- Opening Delimiter -

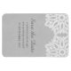 Simple and sophisticated Elegant Lace Save the Date Premium Flexi Magnet featuring a white lace doily motif on a light grey faux vintage paper background. This classic and stylish magnet is perfect for announcing a rustic wedding. Easy to customize with your wedding details. Click "Customize It" to find more personalization options.
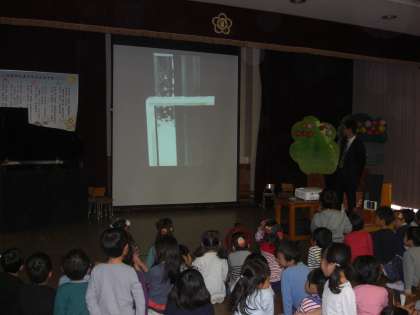 園長先生からは、水の中に雪を降らせる実験を見せてもらいました。
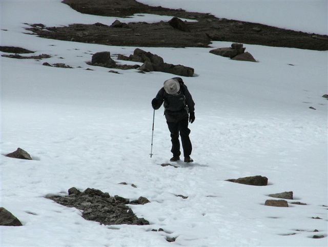MARCH 2007: Peter Wedge nearing Austrian Hut (Mt Kenya)
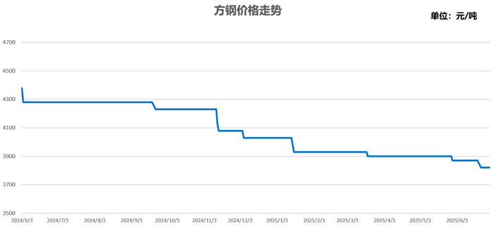 2025年6月方钢价格持续下降,达到3820元/吨。
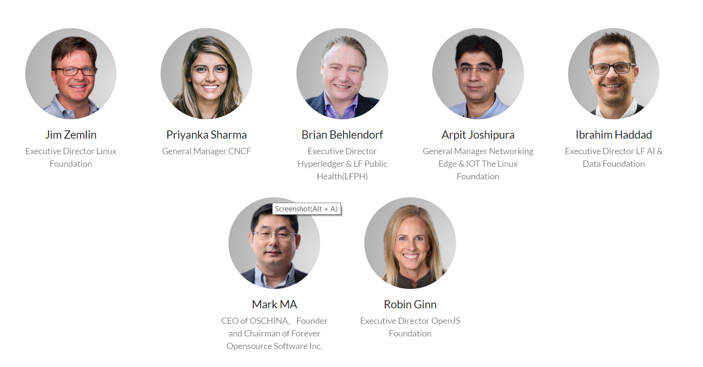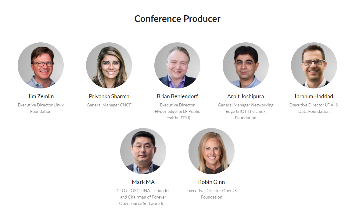 The producer team of The Global Opensource Technology Conference include Jim Zemlin(Executive Director Linux Foundation), Priyanka Sharma(General Manager CNCF), Brian Behlendorf(Executive Director Hyperledger & LF Public Health(LFPH)), Arpit Joshipura(General Manager Networking Edge & IOT The Linux Foundation), Ibrahim Haddad(Executive Director LF AI & Data Foundation), Mark MA(CEO of OSCHINA、Founder and Chairman of Forever Opensource Software Inc.), and Robin Ginn(Executive Director OpenJS Foundation).
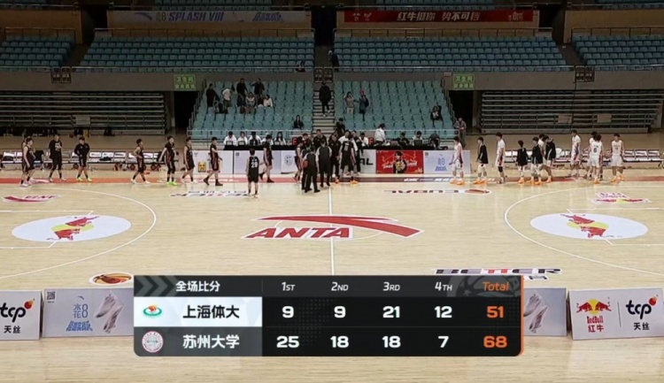 末节比赛,上海体大再次发起反击,刘宇表现出色,带领球队打出7-0的小高潮,将分差缩小至15分。然而,苏州大学的优势依然十分明显,郭子钰和吴锡鸿的得分帮助球队稳定了局面,最终,苏州大学以68-51成功击败上海体大,赢得了这场比赛的胜利。
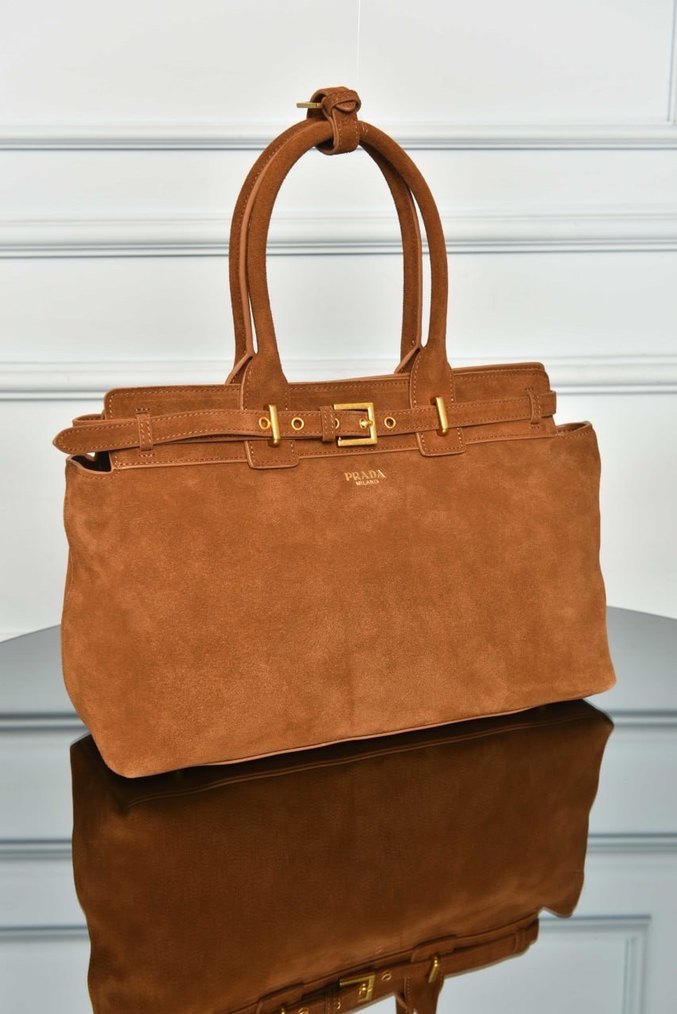 PRADA - Suede Handbag Kadın Bej Süet Kemerli Çanta
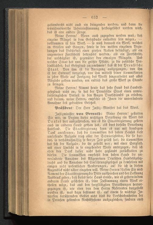 Iustizministcr von Bernuth: Meine Herren! gestattenSie mir, im Beginn dieser wichtigen Berathung ein Wort desDankes hier auszusprechcn, wie es die Staatsregicrung gesternauch im anderen Hause gethan hat, als dort dieselbe Berathungstattfand. Die Staatsregicrung kann es nur mit freudigemDank anerkennen, daß die Kommission des hohen Hauses dieseumfassende Aufgabe trotz aller der Schwierigkeiten, die sie dar-bot, in vcrhältnißmäßig so kurzer Zeit gelöst hat/ die Kommissionhat sich der Aufgabe, die ihr gestellt war, mit einer Sorgfalt,mit einer Umsicht in so eingehender Weise unterzogen, daß icheben den Dank dafür nicht habe geglaubt zurückhalten zudürfen. Die Kommission empfiehlt dem hohen Hause die un-veränderte Annahme des Allgemeinen Deutschen Handelsgesetz-buchs und die Annahme des Einführungsgcsctzcs zu demselben miteinigen nicht wesentlichen Aenderungen, aus die ich in diesemAugenblick nicht näher eingehen will. Meine Herren! Lassen Sie michNamens der Staatsregicrung die Bitte aussprcchcn und der HoffnungAusdruck geben, daß dieses höbe Haus ebenso, wie es gestern in demanderen Hause geschehen ist, seine Zustimmung einem Werk er-theilen möge, das aus den sorgfältigsten Berathungen hervor-gegangen ist, wie eben von dem Herrn Referenten dargestelltworden ist, was dazu bestimmt ist, auf einem so wichtige In-teressen berührenden Gebiet nicht blos die Verschiedenheiten derin Preußen geltenden Nechtsshstcme auszugleichen, sondern auch
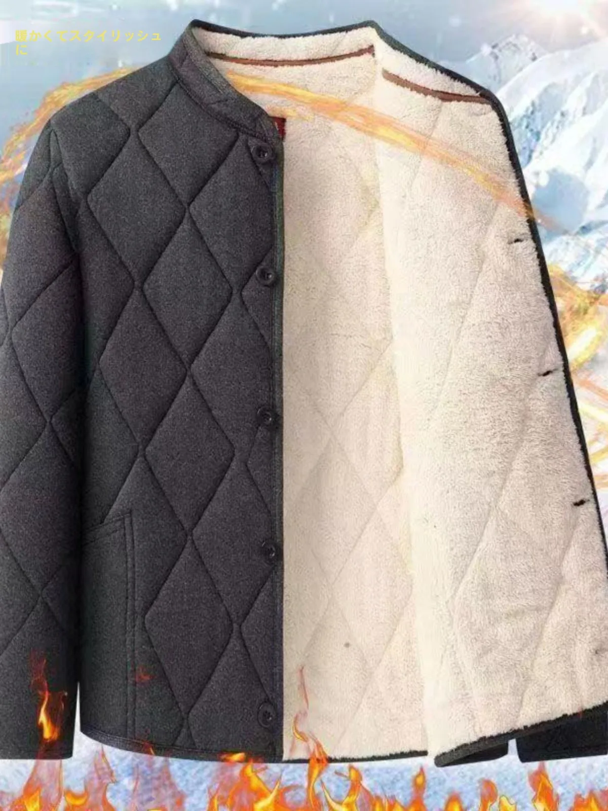 高齢男性用の厚手の冬用綿ジャケット、暖かさ、断熱性、フリース裏地、ファッショナブルな都会的なスタイル、長袖、スタンドカラー - TopDealBox
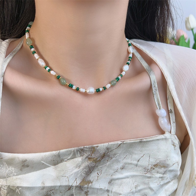 Natural Pearl Necklace Peacock Stone Green Beaded Clavicle Chain Women's Accessories Light Luxury Niche New Style Trendy Necklace
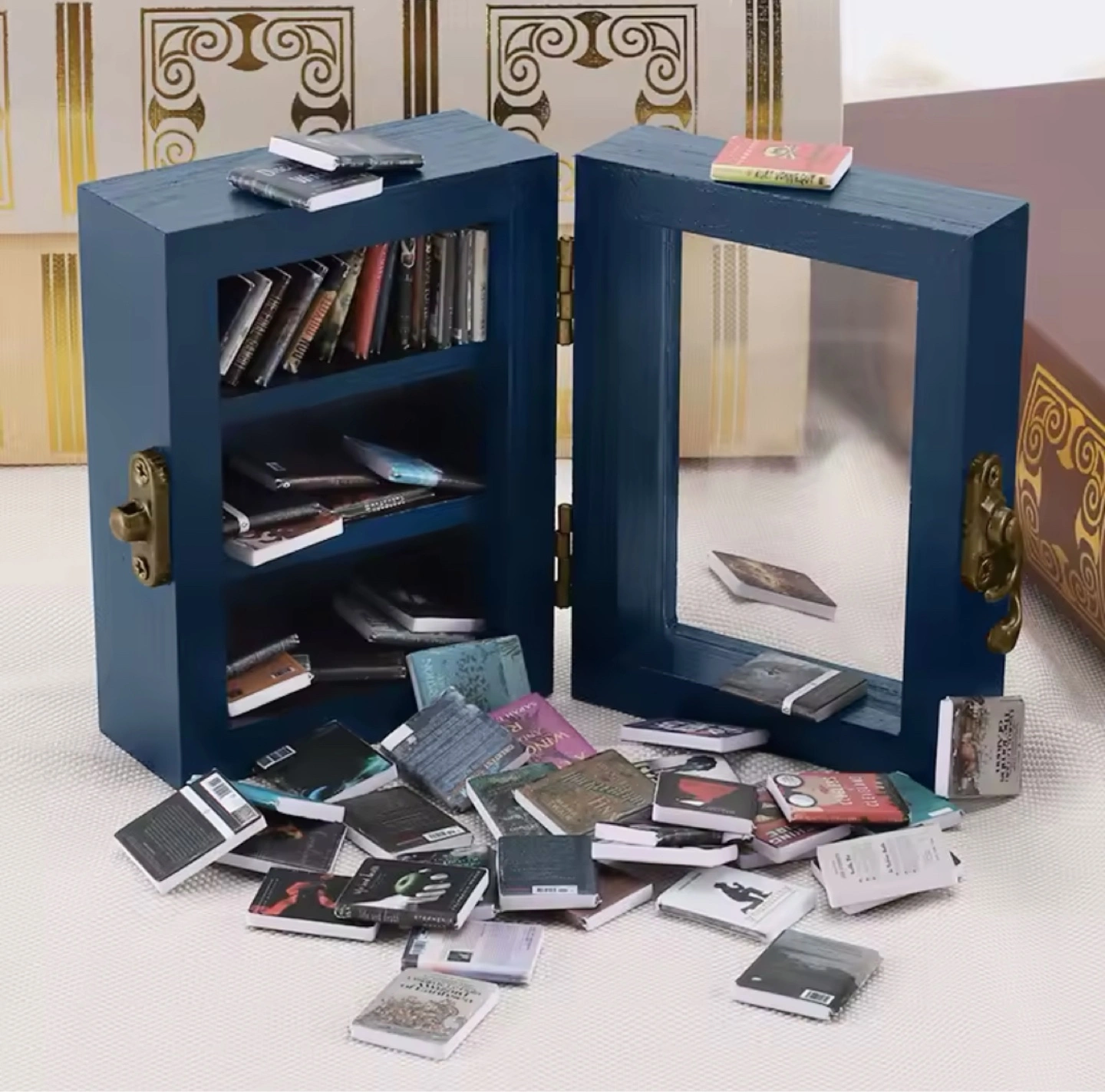Adorable miniature bookcase, dark blue finish. Includes many tiny books. Perfect for dollhouses or collectors.
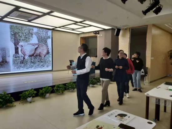 对于每一本绘本,滕薇老师都声情并茂地带领大家一起阅读,在《和甘伯伯去游河》的阅读过程中,滕薇老师还邀请大家开展立体阅读,即带领大家一起演出绘本里的游戏。正如滕薇老师讲到,听不如读,读不如演,演不如体验,阅读的最高境界是变成生活体验,绘本游戏瞬间将现场气氛推向一个高潮!仿佛已走进绘本世界,深切感受到了阅读的快乐!
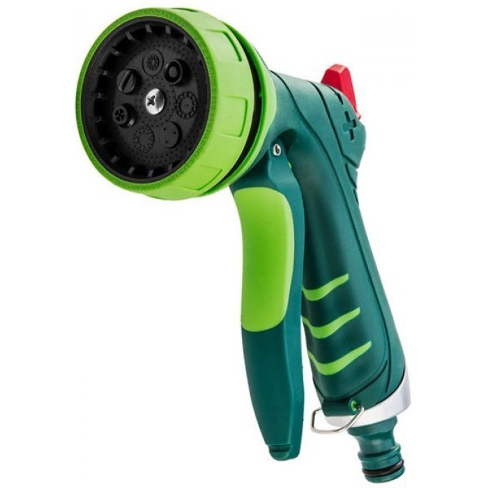 Спринклер пістолетного типу з 7 вбудованими функціями регулювання потоку від садового бренду VERTO. Це практичний, багатосезонний пристрій, необхідний для поливу зелених насаджень. Спринклер оснащений можливістю змінювати потік води - від м'якої крапельки до сильного, концентрованого струменя. Завдяки чіткому позначенню типів функцій на голові робота в саду стане приємнішою та ефективнішою. Спринклер також має передній важіль з фіксатором, який дозволяє швидко запускати і зупиняти струмінь води. Виріб виготовлено з якісного пластику, з додатковою нековзкою прогумованою ручкою. Спринклер призначений для шлангів з параметрами: ½” – ¾””.

- Closing Delimiter -

YOUR TASK ▸ Above are the records. Copy word for word only their lines from the one holding "Adorable miniature bookcase, dark" through the one holding "对于每一本绘本,滕薇老师都声", both included, and skip the images.

RESULT FOR THIS TASK ▸
Adorable miniature bookcase, dark blue finish. Includes many tiny books. Perfect for dollhouses or collectors.
 对于每一本绘本,滕薇老师都声情并茂地带领大家一起阅读,在《和甘伯伯去游河》的阅读过程中,滕薇老师还邀请大家开展立体阅读,即带领大家一起演出绘本里的游戏。正如滕薇老师讲到,听不如读,读不如演,演不如体验,阅读的最高境界是变成生活体验,绘本游戏瞬间将现场气氛推向一个高潮!仿佛已走进绘本世界,深切感受到了阅读的快乐!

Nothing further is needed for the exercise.